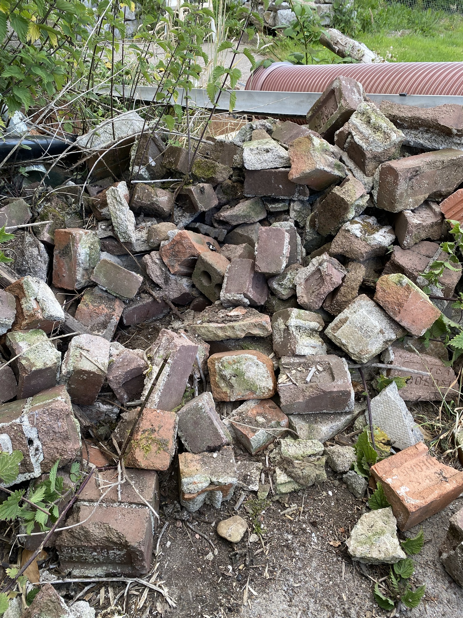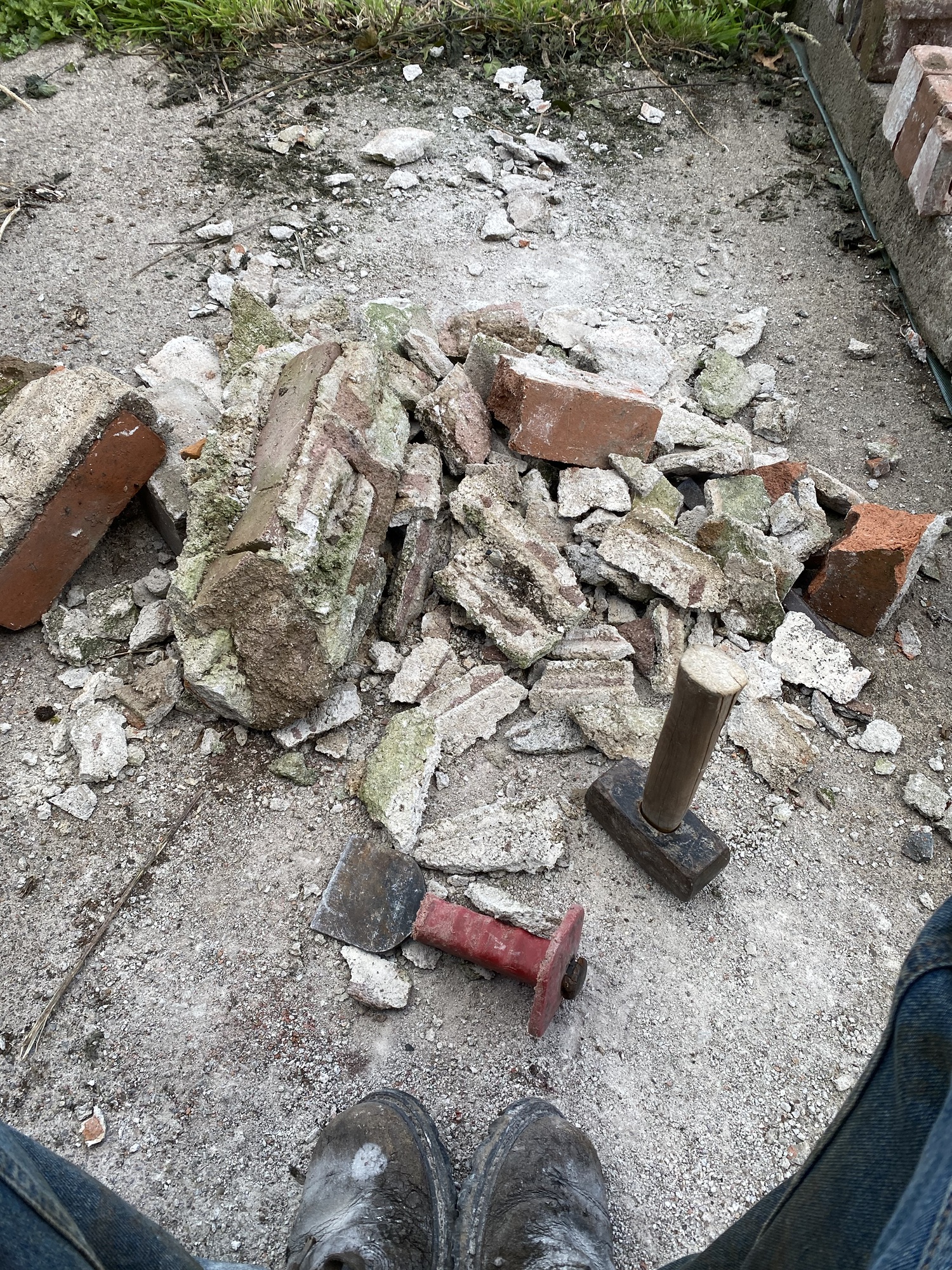 I’ve been reclaiming some bricks from a pile of debris I dug up from the base of an old shed in the garden. It’s been fun.
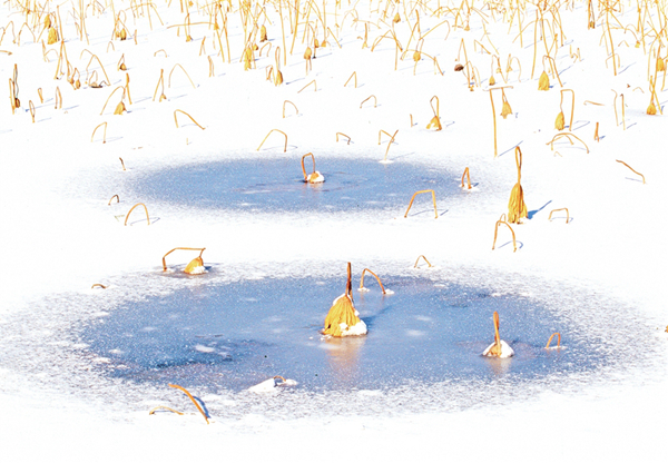 功夫在诗外,艺术皆相通。在西安美院期间,我学习过美术史论,对传统美学和西方美学有了系统学习和认知,尤其钟情“以空写实”的留白意境,“鸟宿池边树,僧敲月下门”空灵意境让我神往。我把美术理论运用到摄影实践。在拍摄荷塘时,我常借助湖面镜面反射构建对称构图,让残阳余晖与湖面莲藕剪影在虚实间互动;俯拍莲蓬剪影时,轮廓线条在晨昏光晕中的若隐若现,恰似水墨画的笔断意连,在快节奏的现代社会中,我渴望通过镜头唤醒观者对静谧与永恒的感知。
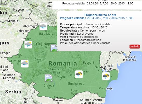 Cerul va fi temporar noros, vântul va mai prezenta unele intensificări, iar local se vor semnala averse însoţite de descărcări electrice.
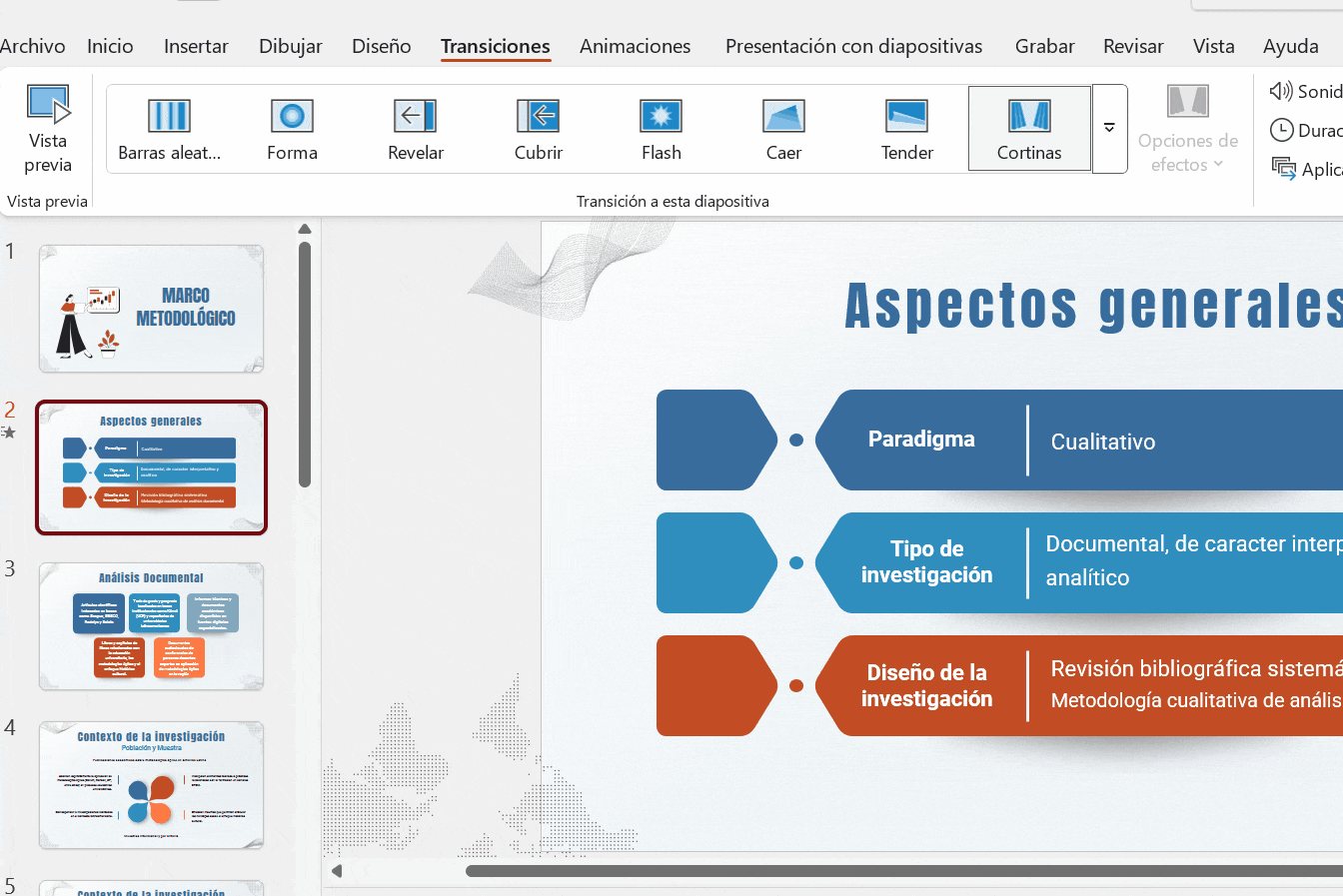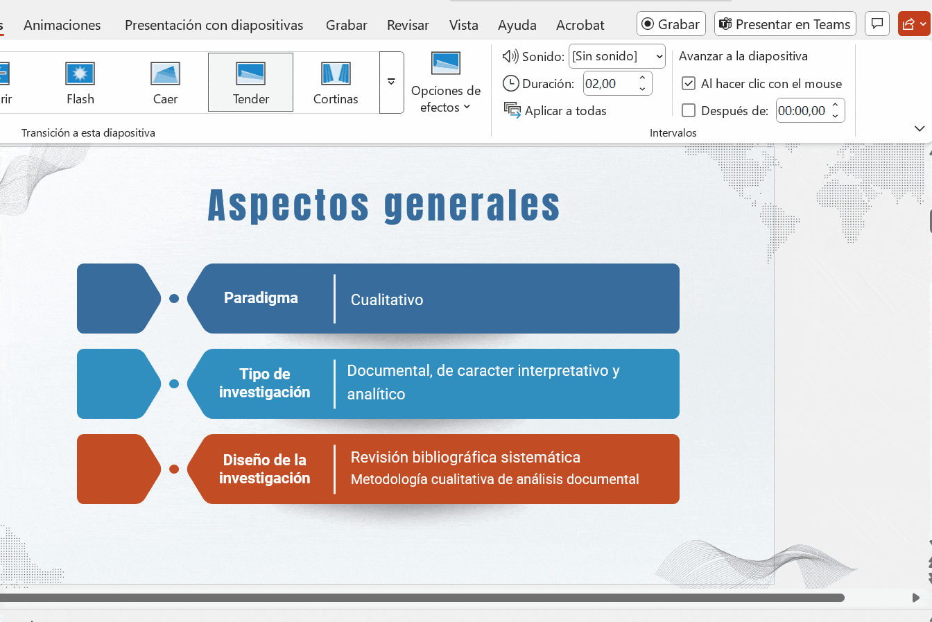 La duración de las transiciones es otro parámetro que es posible personalizar. Cada transición tiene un valor predeterminado en segundos para la duración del pase, pero si la persona desea, puede acelerar o ralentizar modificando la cantidad que se muestra en la opción Duración.
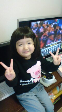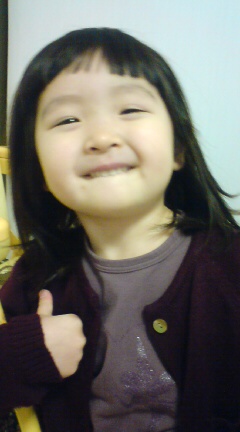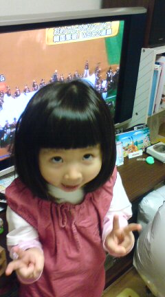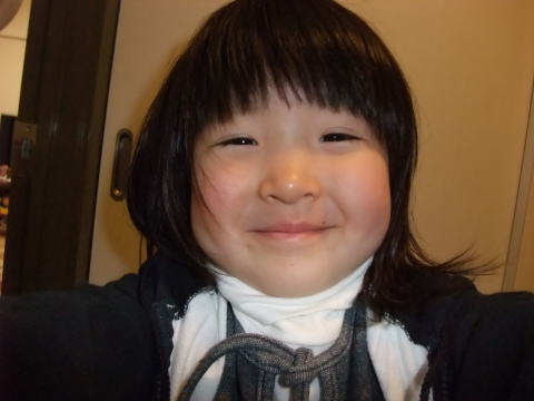 |  |  楽しみのヘアカットへ。今回もショートカットにする親の願いは叶わず、後ろ髪は跳ねない程度にカット、そして、前髪は・・・パッツン!短くしてもらい、見事な“おかっぱ”が誕生しました♪
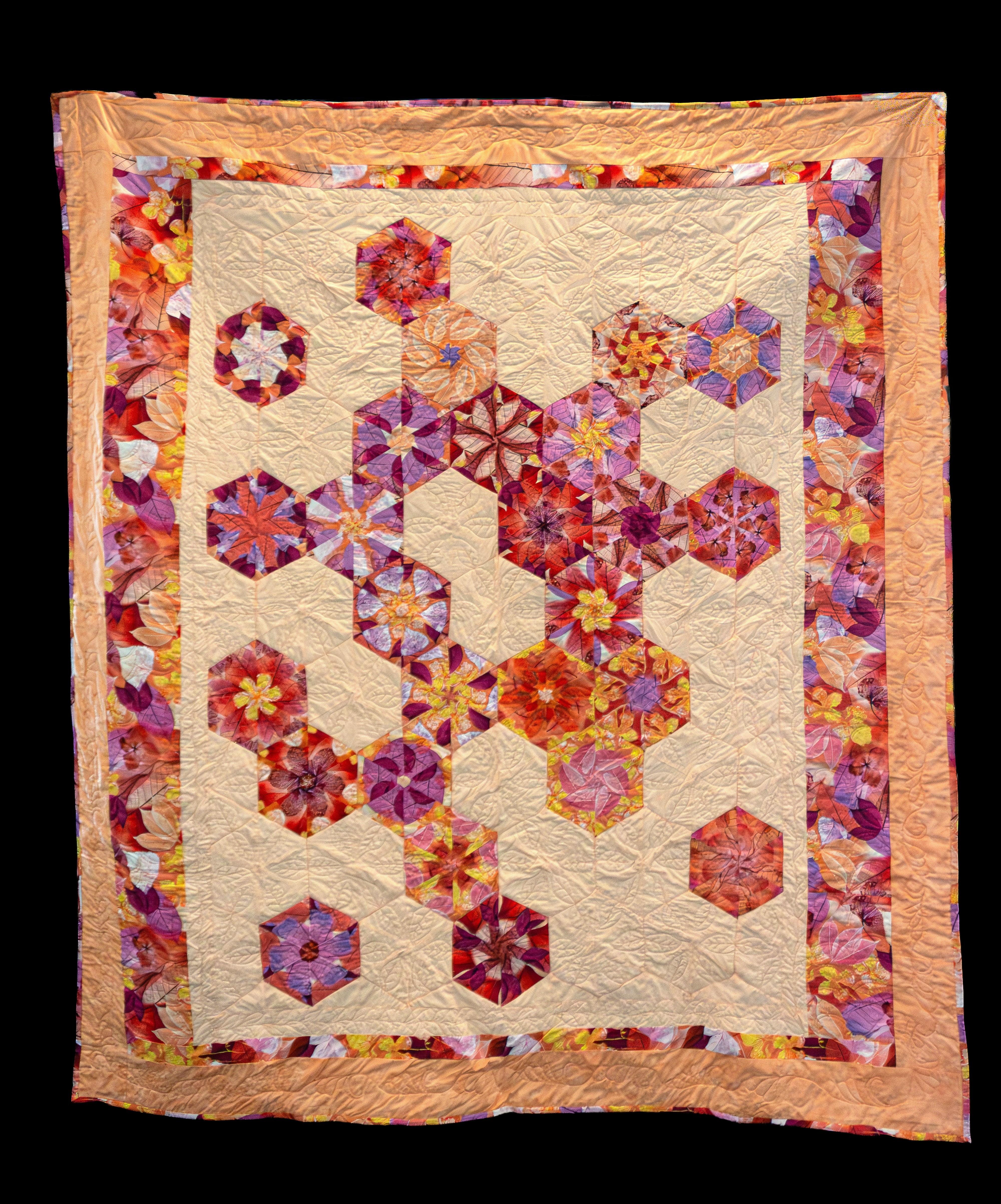 One block wonder! The colorful Kaleidescope blocks are sewn from six identical pieces. The printed sashing shows the original fabric. Free motion quilted. One of a kind. Created by Chris Young

---

Write out the whole listing above exactly, minus images.

Answer for the task:
 I’ve been reclaiming some bricks from a pile of debris I dug up from the base of an old shed in the garden. It’s been fun.
 功夫在诗外,艺术皆相通。在西安美院期间,我学习过美术史论,对传统美学和西方美学有了系统学习和认知,尤其钟情“以空写实”的留白意境,“鸟宿池边树,僧敲月下门”空灵意境让我神往。我把美术理论运用到摄影实践。在拍摄荷塘时,我常借助湖面镜面反射构建对称构图,让残阳余晖与湖面莲藕剪影在虚实间互动;俯拍莲蓬剪影时,轮廓线条在晨昏光晕中的若隐若现,恰似水墨画的笔断意连,在快节奏的现代社会中,我渴望通过镜头唤醒观者对静谧与永恒的感知。
 Cerul va fi temporar noros, vântul va mai prezenta unele intensificări, iar local se vor semnala averse însoţite de descărcări electrice.
 La duración de las transiciones es otro parámetro que es posible personalizar. Cada transición tiene un valor predeterminado en segundos para la duración del pase, pero si la persona desea, puede acelerar o ralentizar modificando la cantidad que se muestra en la opción Duración.
 |  |  楽しみのヘアカットへ。今回もショートカットにする親の願いは叶わず、後ろ髪は跳ねない程度にカット、そして、前髪は・・・パッツン!短くしてもらい、見事な“おかっぱ”が誕生しました♪
 One block wonder! The colorful Kaleidescope blocks are sewn from six identical pieces. The printed sashing shows the original fabric. Free motion quilted. One of a kind. Created by Chris Young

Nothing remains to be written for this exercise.